TASK INSTRUCTIONS:
Copy exactly the lines of the records below, and only those lines, beginning with the line that contains "[iOS - swift]" and ending with the line that contains "陸元九院士在航天時(shí)".

INFORMATION SHOWN:
※ ※ ※

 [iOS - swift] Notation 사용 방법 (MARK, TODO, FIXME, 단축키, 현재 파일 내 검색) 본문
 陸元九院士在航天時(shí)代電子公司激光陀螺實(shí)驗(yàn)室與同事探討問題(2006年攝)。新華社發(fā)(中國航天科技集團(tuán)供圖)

※ ※ ※

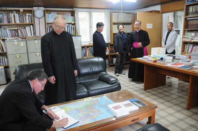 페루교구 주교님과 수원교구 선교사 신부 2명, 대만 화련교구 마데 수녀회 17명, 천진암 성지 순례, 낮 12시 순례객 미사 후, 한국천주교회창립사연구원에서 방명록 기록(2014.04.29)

※ ※ ※

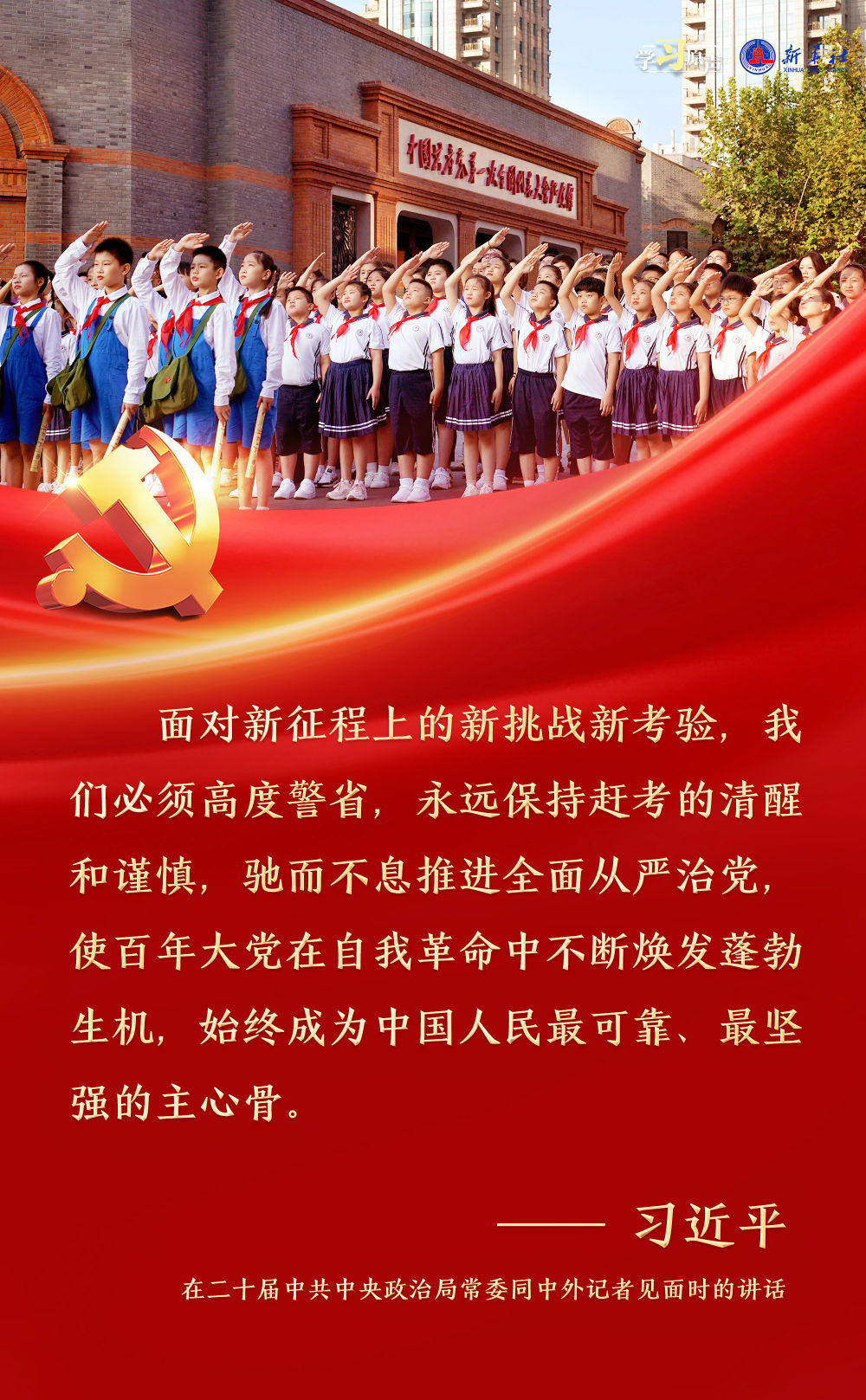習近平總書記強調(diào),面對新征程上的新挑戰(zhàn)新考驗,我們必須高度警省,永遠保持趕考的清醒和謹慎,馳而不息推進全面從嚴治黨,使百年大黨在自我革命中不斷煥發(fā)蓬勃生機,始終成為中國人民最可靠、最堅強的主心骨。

※ ※ ※

ANSWER BOX:
 [iOS - swift] Notation 사용 방법 (MARK, TODO, FIXME, 단축키, 현재 파일 내 검색) 본문
 陸元九院士在航天時(shí)代電子公司激光陀螺實(shí)驗(yàn)室與同事探討問題(2006年攝)。新華社發(fā)(中國航天科技集團(tuán)供圖)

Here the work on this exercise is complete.